Using the CrowdStrike outage as a case study, this talk explores how quality is created, maintained, and lost across code, release practices, organisational decisions, and wider ecosystems.
On 19 July 2024, what first looked like isolated IT issues at airports quickly became a global outage affecting hospitals, banks, broadcasters, supermarkets, and more. The trigger was small. The impact was enormous.
In this talk, I use the CrowdStrike outage to explore how quality is created, maintained, and lost in complex software systems.
First, I walk through what happened and why recovery was so difficult at scale. This was not just an application crash. Because the Falcon sensor ran at the kernel level, affected Windows machines could fail before normal recovery was possible, turning a bad update into a slow, manual repair effort.

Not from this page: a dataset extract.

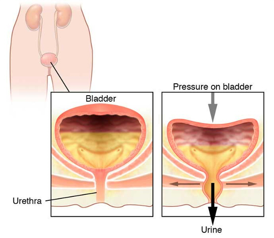 The bladder is the organ which stores urine produced by the kidneys. It is a muscle in the shape of a bag which can hold around 500 millilitres of urine. Most people start feeling their bladder is filling when it is half full. In order to empty the bladder, you have to be able to relax.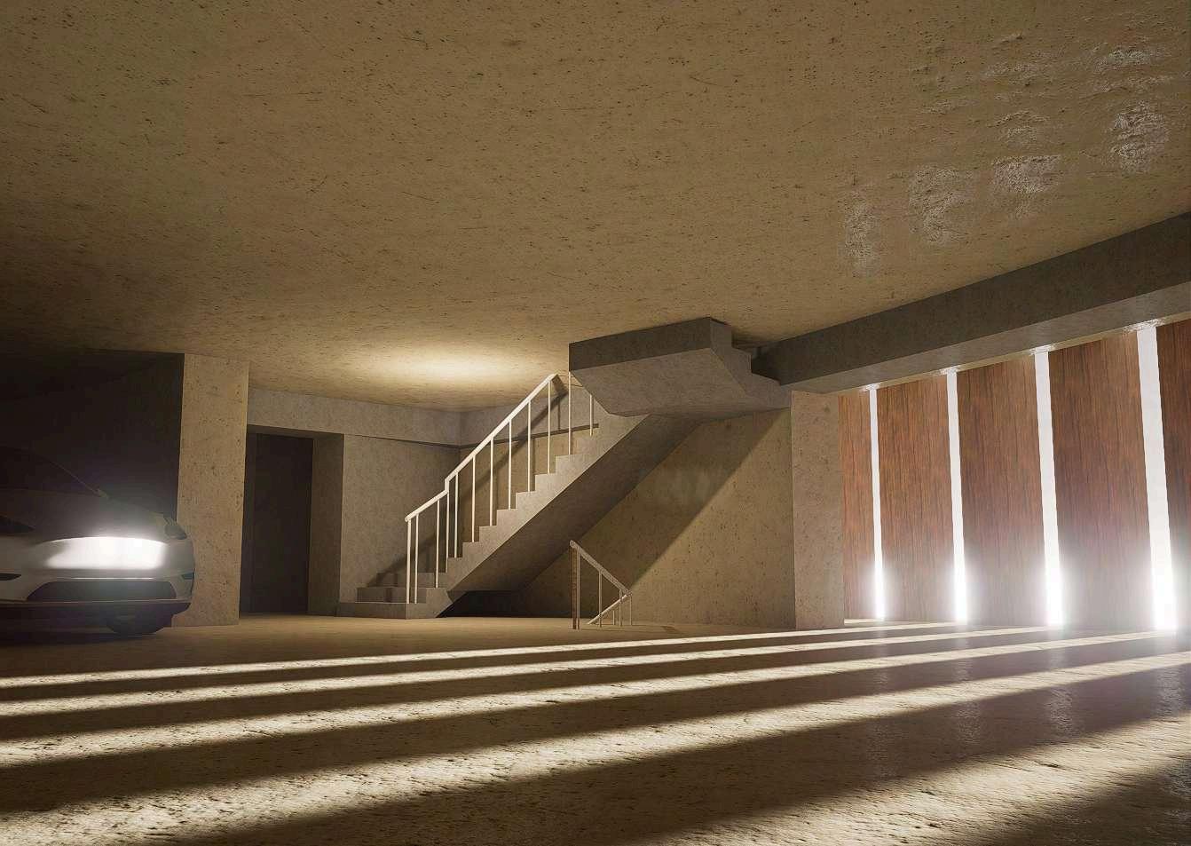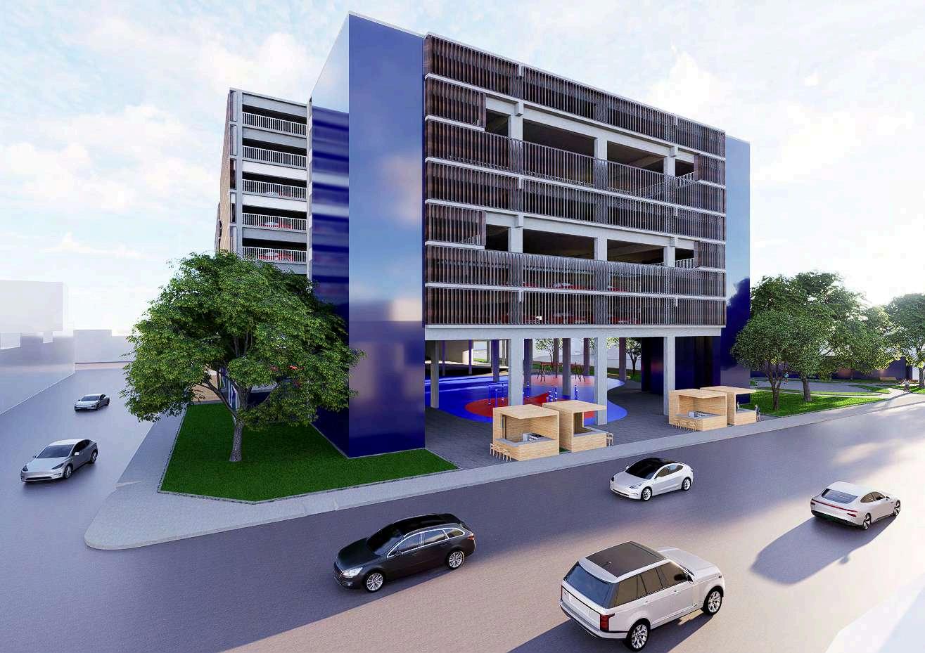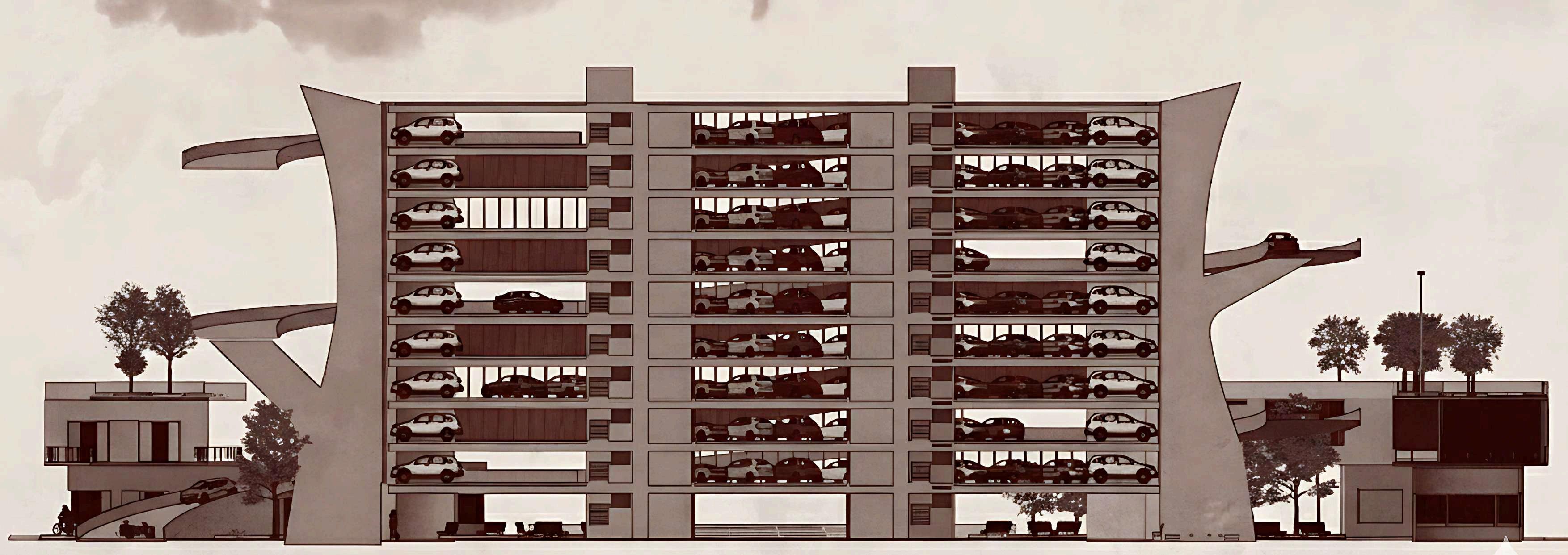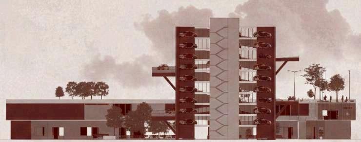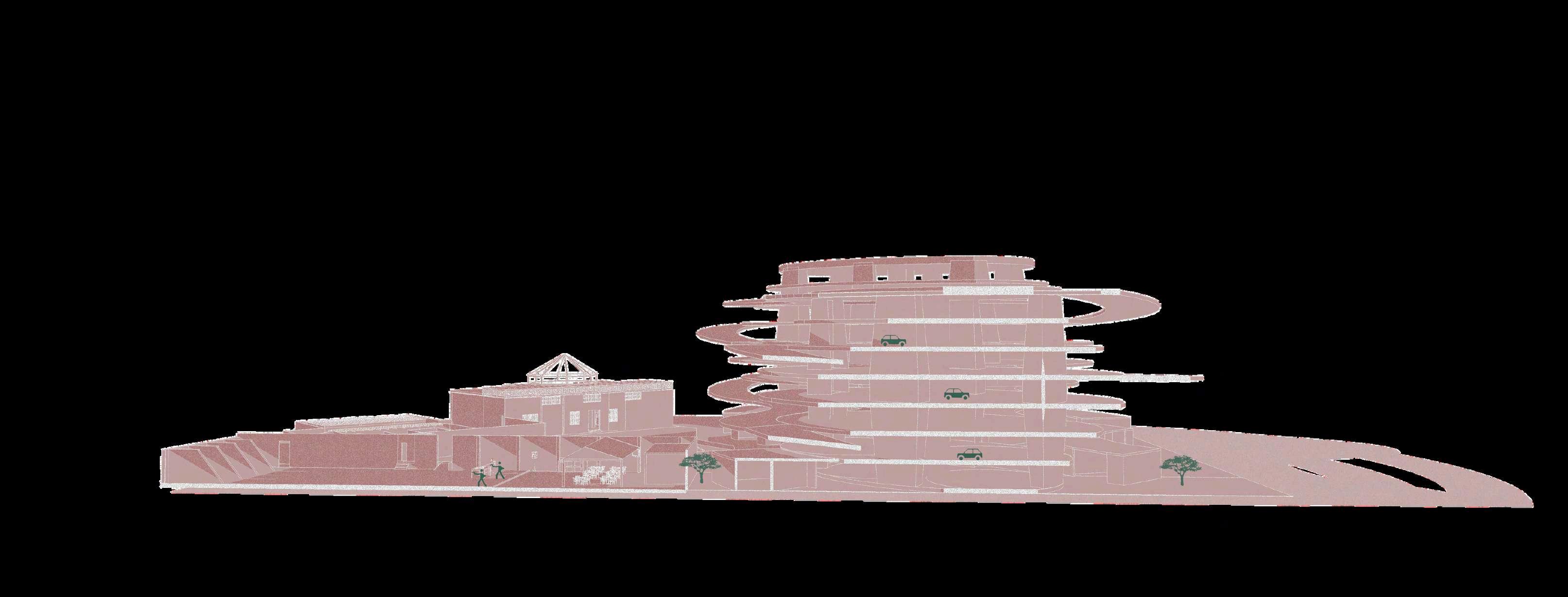 El edificio de estacionamiento se implanta sobre el parque como una volumetría claramente definida, diferenciándosedelnivelpúblicoinferior. Suzonificaciónpriorizalafuncionalidady la eficiencia en la circulación vehicular, organizando los accesos mediante una rampaqueconectalosdistintosnivelesy controla el ingreso desde el punto más alto del terreno. La zona de estacionamiento se concibe como un volumen compacto, liberando el suelo para el uso peatonal y las actividades recreativas.

From there, I examine the incident through two lenses.
The micro view looks at the engineering and release decisions that allowed a simple defect to escape, including validation choices, limited negative and regression testing, and release practices that increased blast radius.
The macro view looks at why the consequences were so widespread, including market concentration, ecosystem dependencies, customer rollout control, operational readiness, and the limits of single root-cause thinking.
Attendees will leave with practical ideas for safer change, stronger resilience, and a clearer understanding of how quality engineering helps teams improve the system in which quality emerges.